Она распилит тебя на кругляшки. Ну, мрамрийка.
— Дай ей поспать, Тоя, ну чесслово, — сказал Арзис, так и чесалось добавить: «И мне».
— Она говорила: плохо будет…
— Да не будет. Она много думает, а ты много маешься.
Тоя виновато улыбнулась с выдохом, эдакое двузначное «хм…»; снова её влажные нижние клыки. И вернулась к работе. Арзис притворился, что дремлет (спать перехотелось), и наблюдал за нею, спрятанный фасадом фальшивого сна. Она несколько раз бросала ему взгляд, и удостоверилась, что их (единственный здесь, и вообще, в своём роде) лев вроде как снова спит. Каждый раз вздыхала. Свиная нога строгалась аж с остервенением и злобой: Тоя отдавалась делу до конца.

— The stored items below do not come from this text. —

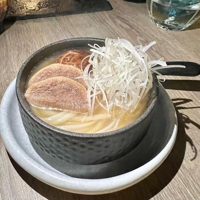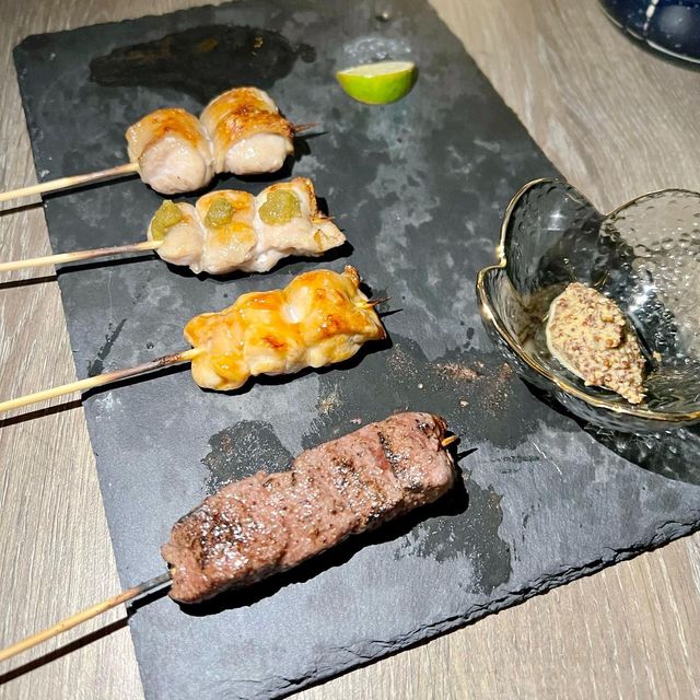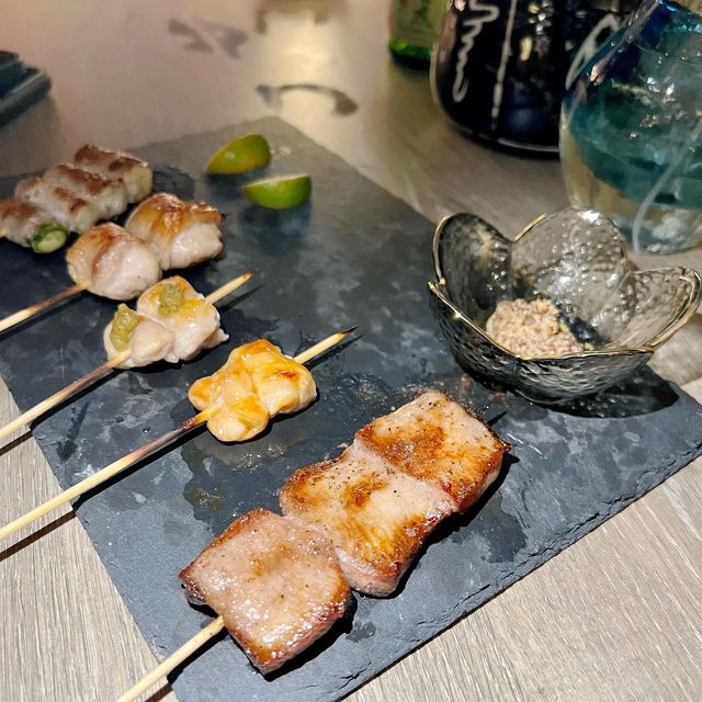 Approaching Christmas very well in Central finished hair, a friend said he wanted to eat skewers and drinks, saw this newly opened [KATANA by SAKEH] is a specialty skewers shop and wine and drink very suitable to talk to friends 👍🏻 I went in to eat ~ Sit down and see what's good on the menu 😋 The restaurant is ordered with QR code, the service is quite good, the environment is very comfortable, a good place to sit down and talk 👍🏻 An Yihu Tosa Gin (Unfiltered Pure Rice Gin 300ml This sake is easy to enter, with a sweet taste, and goes well with skewers 👍🏻 Grilled Bird Combo (Chicken Oysters and Chicken Legs) - Chicken oyster meat salt grilled Grilled with salt to enhance the freshness, the meat is tender, juicy and smooth - Chicken leg meat sauce grilled The meat is very tender, very smooth and juicy with barbecue sauce and fragrant - Chicken thighs Grapefruit pepper The meat is tender and delicious, and juicy with grapefruit pepper very fresh grapefruit flavor, plus black pepper makes the taste more out😋 Salt-grilled beef short rib skewers Very soft grilled just right, can lock the meat juices, keep the meat very soft New Zealand lamb chops I don't usually like to eat lamb chops for fear of having a spicy taste, but this lamb chop is not spicy, it's grilled just right, the meat is tender and juicy👍🏻 Thick-cut beef core Very thick and not very tough, quite refreshing and delicious Asparagus pork rolls Served with asparagus feels so greasy, more able to bring out the deliciousness of the meat Sea of ​​​​Temura The tempura is made very crispy and just right, a portion is enough, perfect with wine 👍🏻 Mini parent-child bowl I ate skewers with rice and it didn't feel so smooth. The portion in a small bowl was just right, and the taste was very good😋 Beef soup udon After eating the skewers, I ate a bowl of small beef soup. The winter is not so greasy. The soup is clear and the udon is cooked just right —— #central #hkfood #foodie #foodiehk #foodhk #centralfood #sake #skewers #centralrestaurant #restaurant #HongKongrestaurant #foodHongKong #HongKongfood #newstore #skewershop #barrestaurant #japanese #foodrecommendations #fooddiary #goodplaces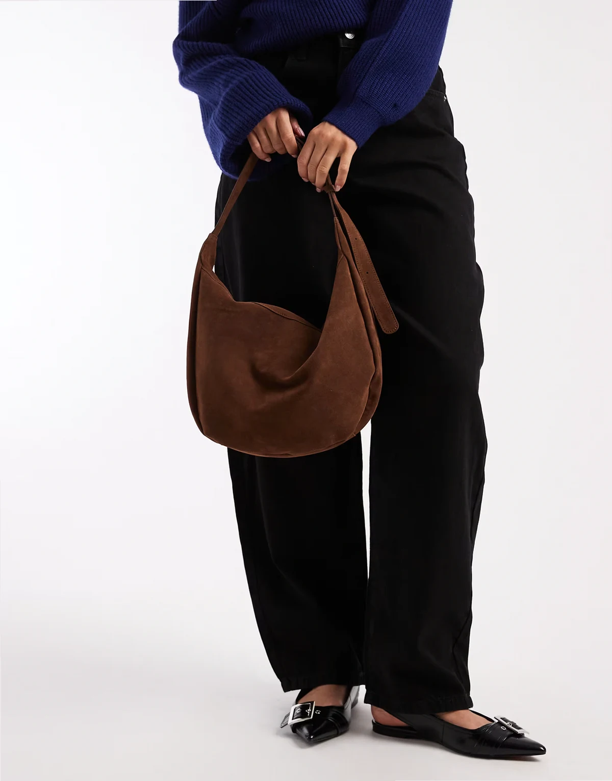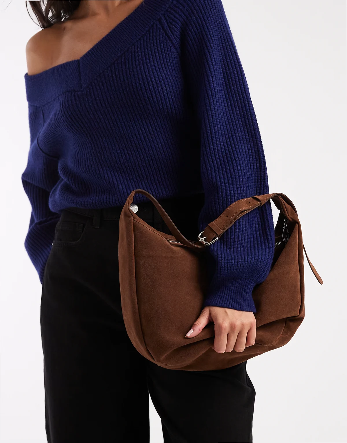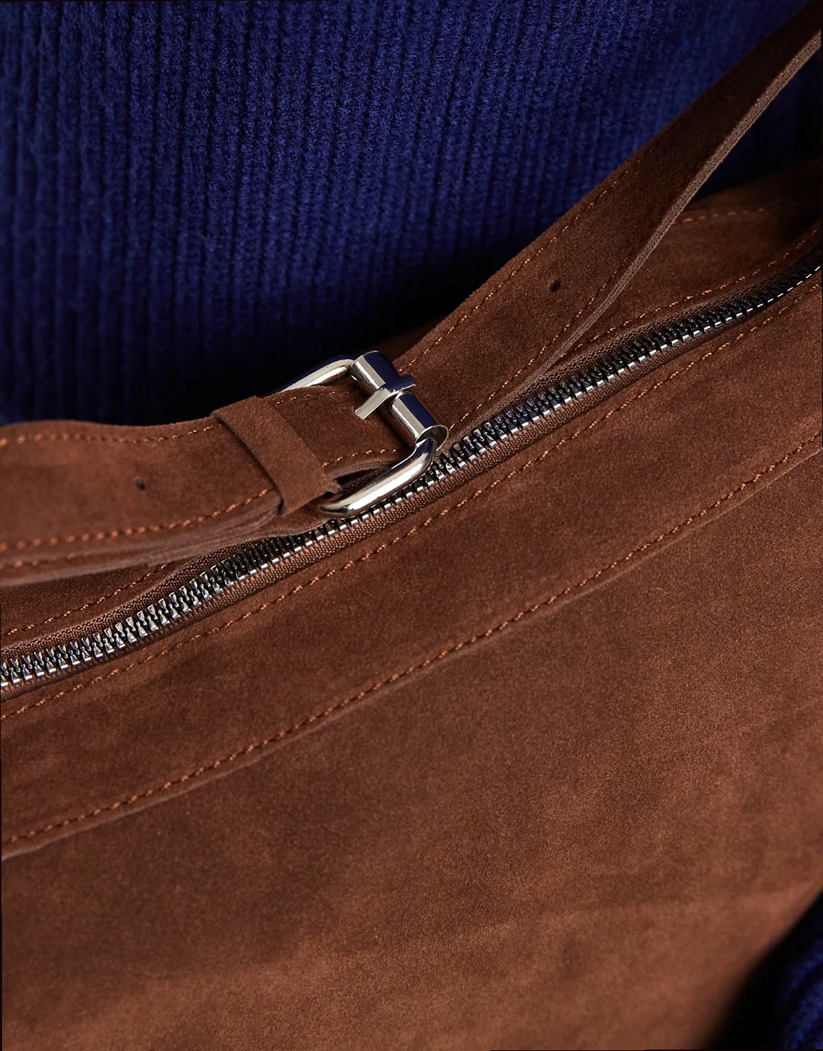 – Lässige Schultertasche aus Wildlederimitat in Braun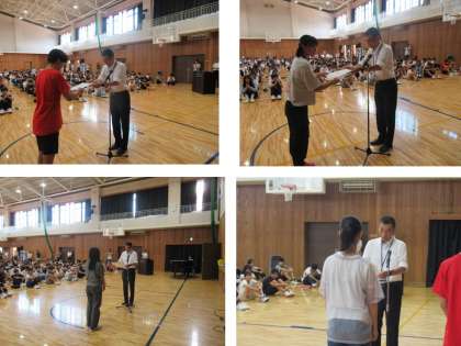 今日は1学期の終業式でした。体育館で行いましたが、例年に比べて、暑さはかなりマシでした。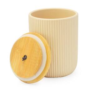 - dimensões 10 x 12,5 x 10 cm largura x altura x profundidade - composição: cerâmica e bambu - vedação na tampa com anel de silicone - modelo com relevo canelado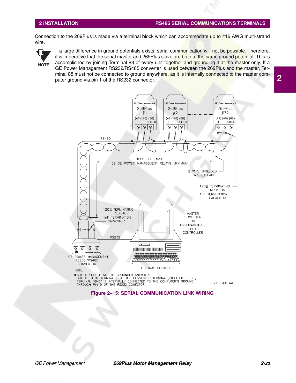 2 INSTALLATION RS485 SERIAL COMMUNICATIONS TERMINALS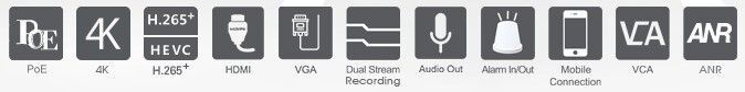 HDMI 3840x2160/60Hz, 3840x2160/30Hz, 1920x1080/60Hz, 1920x1080/50Hz, 1280x1024/60Hz, 1280x720/60Hz, 1024x768/60Hz. Podpora audio HDMI VGA 1920x1080/60Hz, 1920x1080/50Hz, 1280x1024/60Hz, 1280x720/60Hz, 1024x768/60Hz. Dual Stream Rozlišení nahrávky 8MP/6MP/5MP/4MP/3MP/1080P/ UXGA/720P/D1/VGA/CIF/QCIF |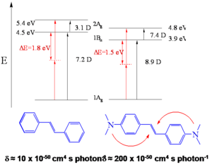 For this compound, the maximum TPA cross section (at 600 nm), δ was measured to be 210 x 10-50 cm4 s/photon, while for stilbene (i.e. if the two donor groups are removed) δ = 12 x 10-50 cm4 s/photon. Thus, the TPA cross section of BDAS is about 20 times that for the molecule without the electron donor groups. δ for BDAS is very large and it is useful to understand why the donors have this effect.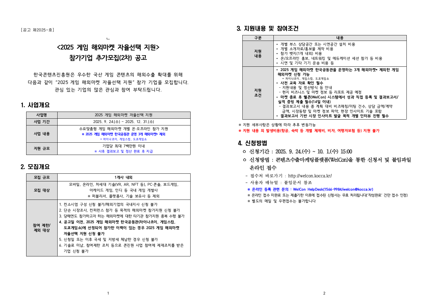 20250924104047_[공고문] 2025 게임 해외마켓 자율선택 지원 참가기업 모집공고(2차 추가모집).hwp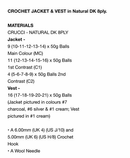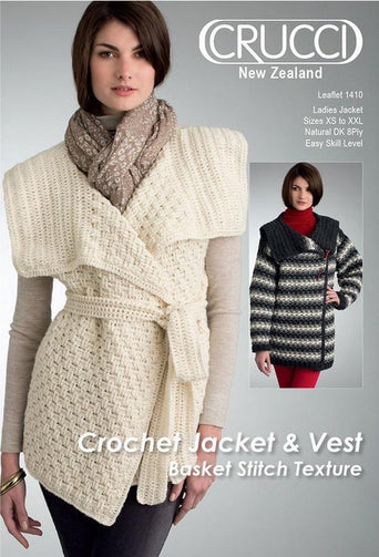 Crochet Jacket & Vest Basket Stitch Texture 8Ply Pattern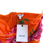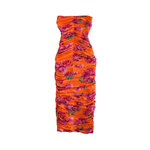 Sau Lee 'Farrah' strapless midi dress in ruched orange mesh pink floral print. Features a partial lining and slit in the back.
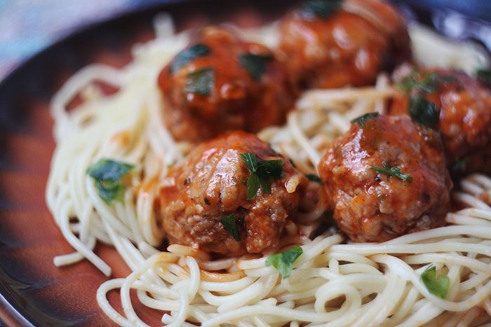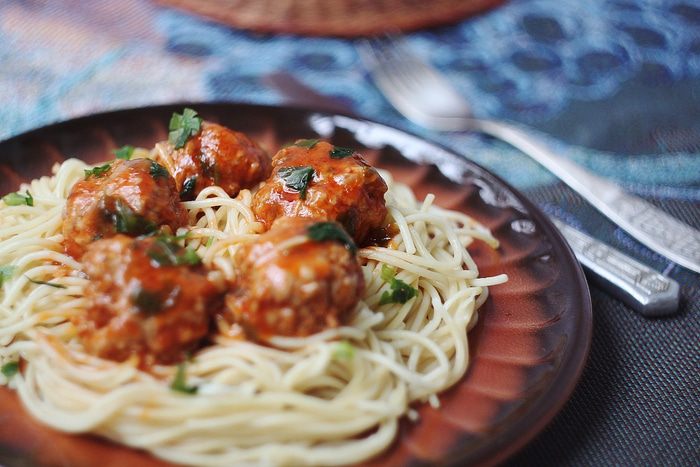Подаем тефтели со спагетти, посыпав сверху свежей петрушкой.
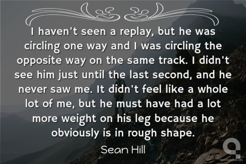 I haven't seen a replay, but he was circling one way and I was circling the opposite way on the same track. I didn't see him just until the last second, and he never saw me. It didn't feel like a whole lot of me, but he must have had a lot more weight on his leg because he obviously is in rough shape. Sean Hill

Она скалилась, а один раз даже зашипела, когда нож неудачно скользнул; это Арзиса насмешило, он чуть не выдал себя.
Потом, закончив с ногой и настрогав совершенно чудовищное количество отрезков, Тоя повела ушами, снова внимательно рассмотрела Мауну (та, как говорится, спала без ушей, хвоста, лап, и вообще всего, и повязка на глазах надёжно прятала её от утреннего света и пятен солнца, что гуляли по её плащу, что на самом деле не её, а Арзисов плащ, потому что он толще и теплее; он — это плащ, не Арзис, хотя и Арзис воистину тоже куда толще и теплее Мауны; хотя Мауна, как известно, вовсе не худая, даже напротив; она из этих круглых андарианок). Не выяснив и не решившись ни на что с Хозяйкой, Тоя встала и набросала рядом с помятым котелком (уже пустой, ибо, оказывается, вчера Арзис сожрал совершенно всё, когда Тоя кормила его) невесть откуда взявшиеся большие яйца, серые, в пятнах. Одно из них она выпила.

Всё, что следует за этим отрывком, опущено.